# Non-bond-able hedgie? =/



## myhedgiePotter (Nov 8, 2008)

Hi there everyone, I'm Bekkah.
I posted once before on this site, in the beginning when I had my hedgehog Harry. I desperately tried bonding with him, but alas, he seemed im-bond-able. So after a year and a half of trying, I gave up. Really, I can't hold him with my hands, he won't un-ball and the only time he'd ever un-ball was to try to find a place to bury in and go back to sleep. =/

I'm now desperately trying again to bond with him, maybe I shouldn't quit so quickly? I really do love Harry, so, so much...but what's the point of having a pet that just sits in his cage, eats and sleeps all day? =/

I won't give him up, oh not at all, I'm just a bit disappointed that my first hedgehog was anti-social. >< Maybe I should have gotten him as a baby? I don't know anything about his past, the uncle who gave him to me doesn't know anything about it either. I dunno. >>
So, I need some advice. What are some really good ways to bond with your hedgehog? He refuses to eat meal worms and crickets, so I can't give him any treats. =/
Does anyone know any good food for hedgehogs, treats and regular meals? He is really a picky eater and I usually feed him Meow Mix.
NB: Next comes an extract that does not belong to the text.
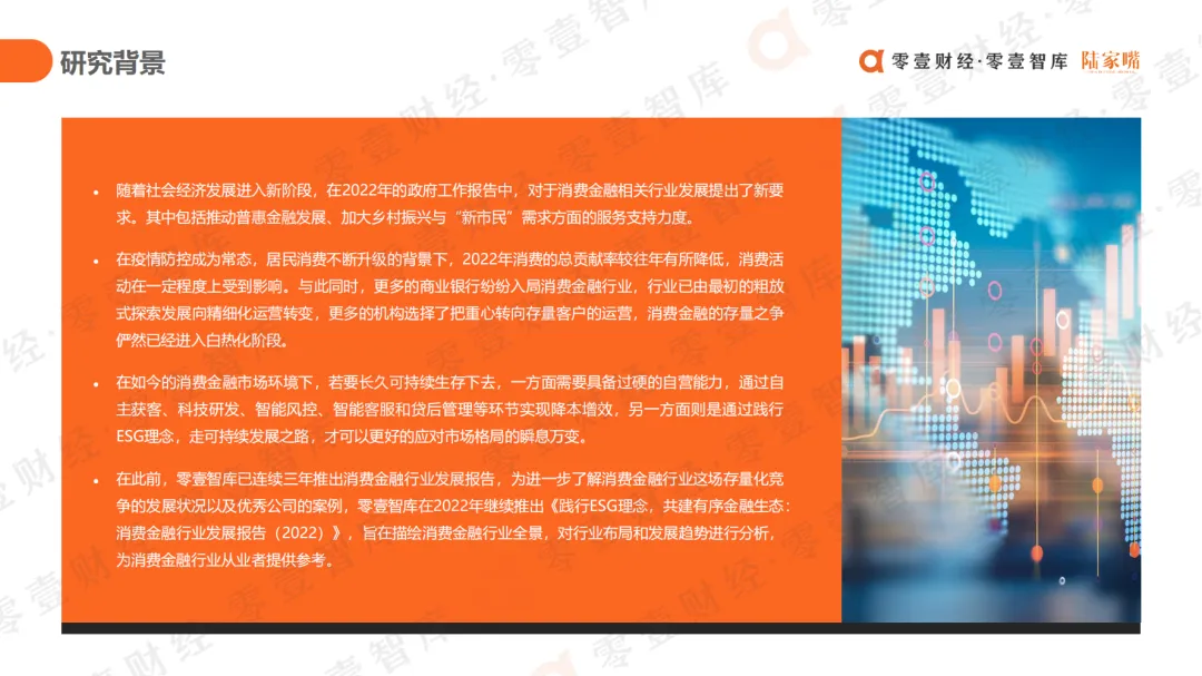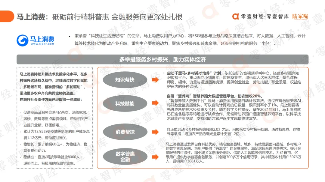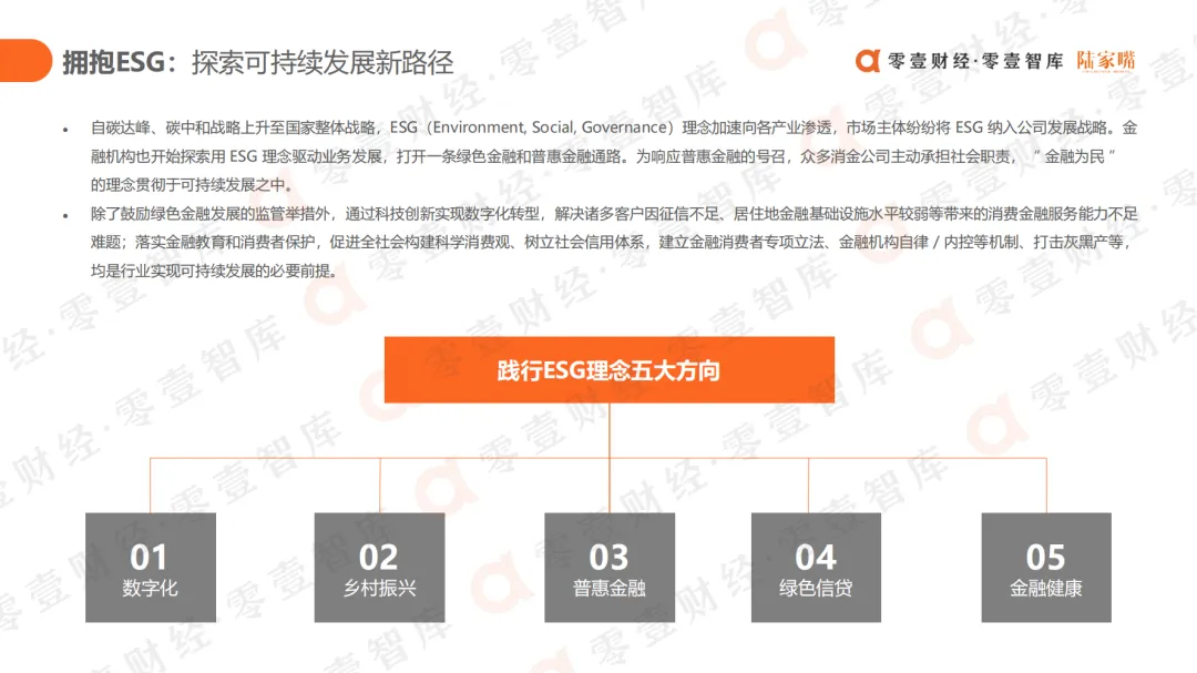 从践行ESG理念,探索消费金融可持续发展方案。银行、消费金融公司与金融科技公司共生共建,从数字化助力产品创新、场景布局、新型风控;发力乡村振兴、普惠金融、绿色信贷,维护金融健康等方向,加速推进消费金融产业高质量、合规化发展,有效改变消费金融行业乱象,助力各类金融机构在践行ESG理念的同时,探索出一套可持续发展方案。

Thanks for your help so far, guys. <3


----------



## Nancy (Aug 22, 2008)

You may never be able to cuddle him. Some are just not into being touched at all. How does he act if you have him out beside you while watching TV? Have you tried him at different times of the day and evening/night? I've had a couple that were totally antisocial until midnight and then turned into a different social hedgie. Also try handling him using dim or in red light. For some, that makes a difference. 
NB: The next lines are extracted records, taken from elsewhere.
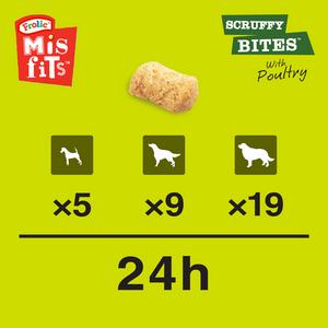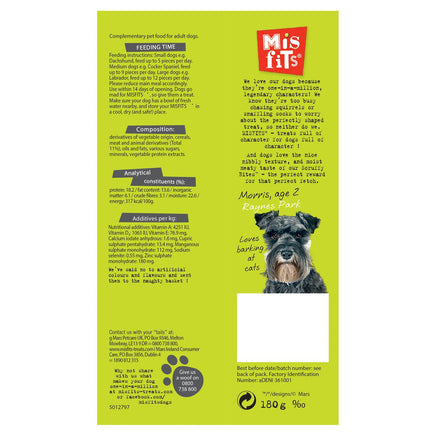 Feeding instructions: Small dogs e.g. Dachshund, feed up to 5 pieces per day. Medium dogs e.g. Cocker Spaniel, feed up to 9 pieces per day. Large dogs e.g. Labrador, feed up to 12 pieces per day. Please reduce main meal accordingly. Use within 14 days of opening. Dogs go mad for Misfits®, go give them a treat.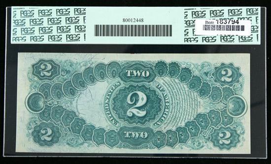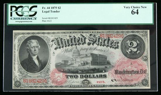 1875, $2 United States Note. PCGS Very Choice New 64. . Fr-44. This beautiful Deuce is blessed with great colors, terrific original paper quality, and margins that, although not even, are above average for the type. It lacks the "PPQ" designation only because of a single, well hidden pinhole near the bottom center of the design. This is a slightly scarcer Fr. number, particularly in high grades, as PCGS Currency has graded just two pieces in this grade with only three examples (all 65Ppqs) finer. Only about 80 examples are known in all grades combined.
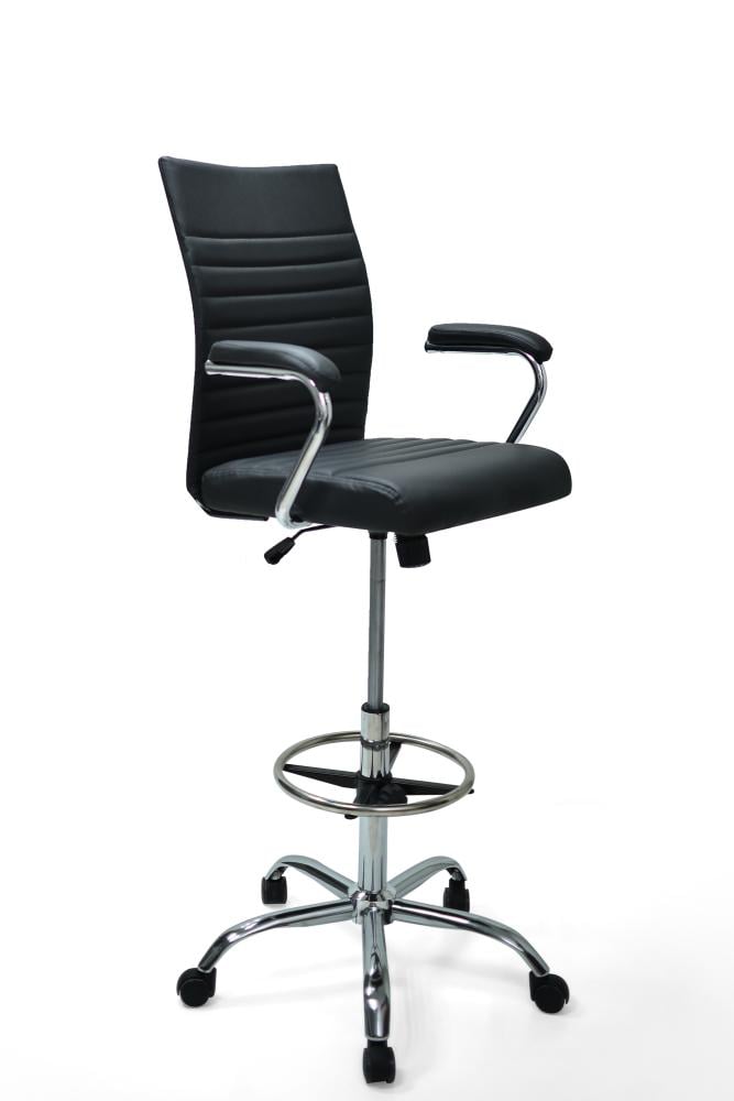 كرسي بار جلد اسود بتصميم عملي يساعدك على الجلوس بصورة صحية وآمنة طوال ساعات العمل، كما يأتي مزود بكل الإمكانات التي تدعم راحة جسمك، هذا ناهيك عن الخامات التي صنع منها والتي بدورها تتحمل كل الأوزان وكذلك الاستهلاك اليومي.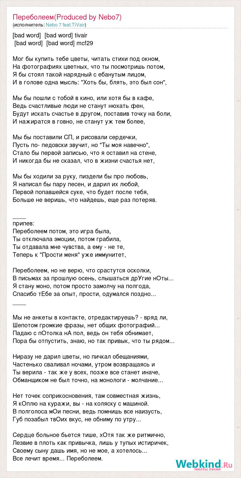 [bad word] [bad word] tivair [bad word] [bad word] mcf29 Мог бы купить тебе цветы, читать стихи под окном, На фотографиях цветных, что ты посмотришь потом, Я бы стоял такой нарядный с ебанутым лицом, И в голове одна мысль: "Хоть бы, блять, это был сон", Мы бы пошли с тобой в кино, или хотя бы в кафе, Ведь счастливые люди не станут нюхать фен, Будут искать счастье в другом, поставив точку на боли, И нажиратся в говно, не станут уж тем более, Мы бы поставили СП, и рисовали сердечки, Пусть по- педовски звучит, но "Ты моя навечно", Стало бы первой записью, что я оставил на стене, И никогда бы не сказал, что в жизни счастья нет, Мы бы ходили за руку, пиздели бы про любовь, Я написал бы пару песен, и дарил их любой, Первой попавшейся суке, что будет после тебя, Больше не веришь, что найдешь, еще раз потеряв. ____ припев: Переболеем потом, это игра была, Ты отключала эмоции, потом грабила, Ты отдавала мне чувства, а ему - не те, Теперь к "Прости меня" уже иммунитет, Переболеем, но не верю, что срастутся осколки, В письмах за прошлую осень, слышаться дрУгие нОты... Я стану моно, потом просто замолчу на полгода, Спасибо тЕбе за опыт, прости, одумался поздно... ____ Мы не анкеты в контакте, отредактируешь? - вряд ли, Шепотом громкие фразы, нет общих фотографий... Падаю с пОтолка нА пол, ведь он тебя обнимает, Пора бы отпустить, знаю, но так привык, что ты рядом... Ниразу не дарил цветы, но пичкал обещаниями, Частенько сваливал ночами, утром возвращаясь и Ты верила - так же у всех, позже все станет иначе, Обманщиком не был точно, на монологи - молчание... Нет точек соприкосновения, там совместная жизнь, Я кОплю на куражи, вы - на коляску с машиной. В полголоса мОи песни, ведь помнишь все наизусть, Губ позабыл твОих вкус, не обниму по утру... Сердце больное бьется тише, хОтя так же ритмично, Лезвие в плоть как привычка, лишь у тупых истиричек, Своему сыну дашь имя, но не мое, а хотелось... Все лечит время... Переболеем.

If all that fails, where is his cage located? Sit his cage near you as you watch tv or are on the computer in the evening. Talk to him and from the security of his cage he may become interested in you. Good luck


----------



## jdlover90 (Jun 14, 2010)

Here is what I have done so far that seems to be working for my new little guy (just got him yesterday). I put a towel over my bed, used his fleece blanket to coax him out of his cage, and once he was wrapped up in that I placed him on my bed so that he could roam on the towel. He's still a pooper, so I can't just have him randomly walk on my bed without protection! :lol: 

But maybe you could do this with him everyday, just let him explore, let him sniff you. Don't force him to be held by you, but let him sniff you for a bit instead maybe? By now I would figure he knew your scent...did you place a shirt you wear a lot in his cage so he knows your scent and can sleep with it? Just curious.
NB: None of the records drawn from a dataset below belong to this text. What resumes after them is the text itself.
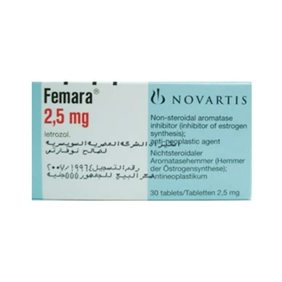 أقراص Femara بتركيز 2.5 ملغ، تأتي في عبوة تحتوي على 30 قرص. هذا الدواء يستخدم في علاج أنواع معينة من سرطان الثدي لدى النساء بعد انقطاع الطمث. يعمل على تقليل مستوى الإستروجين في الجسم للمساعدة في إبطاء أو إيقاف نمو الخلايا السرطانية.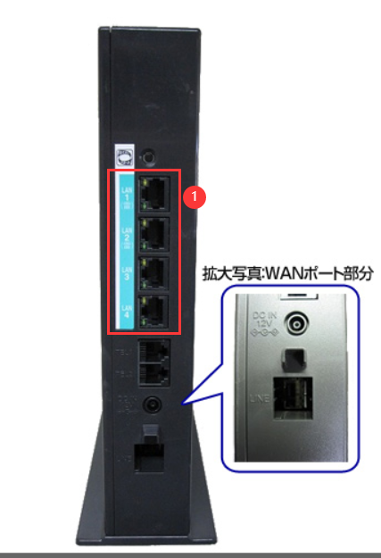 下記機器、数字が同じ個所、LAN線の繋ぐ。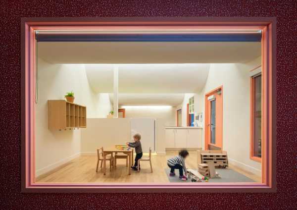 Дитячий освітній центр SolBe у передмісті Бостона, Массачусетс, США спроектований архітектурним бюро Supernormal. Автори проекту переосмислили традиційні простори ясел та дитячого садка, створивши цікавий об'єкт зі скульптурними об'ємами в яскравих шпалерах та відкритими ігровими майданчиками з природним освітленням.
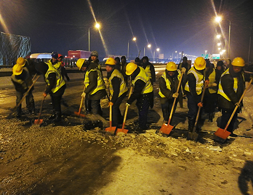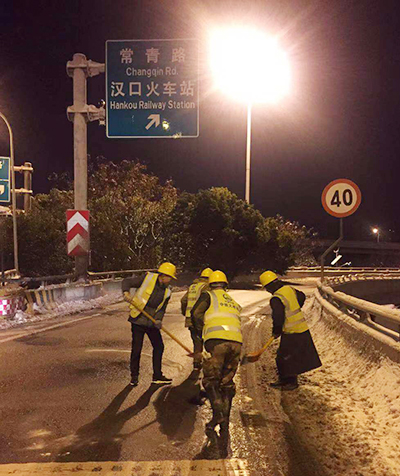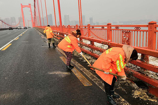 此次低溫雨雪天氣期間,集團公司負責(zé)的12座橋梁、長江隧道、三環(huán)線南、北、東段主道積雪及時清理完畢,交通安全暢通,集團公司及橋建集團、道橋公司、城運公司、新區(qū)公司、城鐵公司、臨空投公司等建設(shè)單位累計組織投入人員5733人次,巡視、撒鹽車輛835車次,鏟車、裝載機、農(nóng)用車242臺次,撒鹽549噸,撒融雪劑64噸,鋪設(shè)草袋10350條,確保了城市三環(huán)線和重要跨江橋梁和長江隧道的安全暢通。

Let me know what you do and if it works out!


----------



## krbshappy71 (Jul 17, 2009)

myhedgiePotter said:


> Hi there everyone, I'm Bekkah.
> I posted once before on this site, in the beginning when I had my hedgehog Harry. I desperately tried bonding with him, but alas, he seemed im-bond-able. So after a year and a half of trying, I gave up. Really, I can't hold him with my hands, he won't un-ball and the only time he'd ever un-ball was to try to find a place to bury in and go back to sleep. =/
> 
> I'm now desperately trying again to bond with him, maybe I shouldn't quit so quickly? I really do love Harry, so, so much...but what's the point of having a pet that just sits in his cage, eats and sleeps all day? =/
> ...


Psst, Meow Mix isn't the greatest food, or is that just as a treat?

That aside, I do believe that some just wont bond. Just like a dog that wont play fetch though, it doesn't mean you can't enjoy them in other ways. Have you tried a play pen with toys and just lay along side the playpen to watch him discover treats in the toys? (late at night when he is active) Have you considered setting up a night cam so you can watch his antics? Fish aren't cuddly either but people still enjoy having them in their lives.

I have one cuddler and one antisocial one. I have decided that its ok for Whyte to be antisocial as long as does not outright attack me. He is still my responsiblity and if I don't want to take that risk with the next hedgehog then maybe hedgehogs aren't right for me. We simply cannot make them be something they are not.


----------



## jdlover90 (Jun 14, 2010)

This is true. Maybe you just have a hedgie that likes to do his own thing and doesn't quite like to cuddle and snuggle. But that's okay, I'm sure you love him for who he is.  

I'm starting to find that my new little guy is so adventurous that he doesn't quite like to cuddle or anything yet either. He'll let me pick him up, but not for a very long period of time without trying to get down. All hedgie's have different personalities. 

Good luck with him though!


----------



## hedgiesrule (Jan 19, 2009)

I get a shirt (no loose strings) and put Freya on my lap in it and she just snuggles in there and falls asleep on my lap and I'll watch movies, read, use my laptop, whatever, and she'll just sleep. That's what I usually do for bonding. Sometimes (once I've set her in her litter box and given her lots of time there, she tends to use my shirt as a bathroom...:? ) I'll just set her on my shirt and let her crawl around me. Most of the time she ends up sitting by my neck, trying to burrow in my hair. That's when I take her off me. I can't stand it, she tickles the heck out of me and I really don't wanna have to untangle her from my hair. But, then, I could always put my hair up. Doesn't stop the tickling though. :lol: 
Hope I helped.  
hr


----------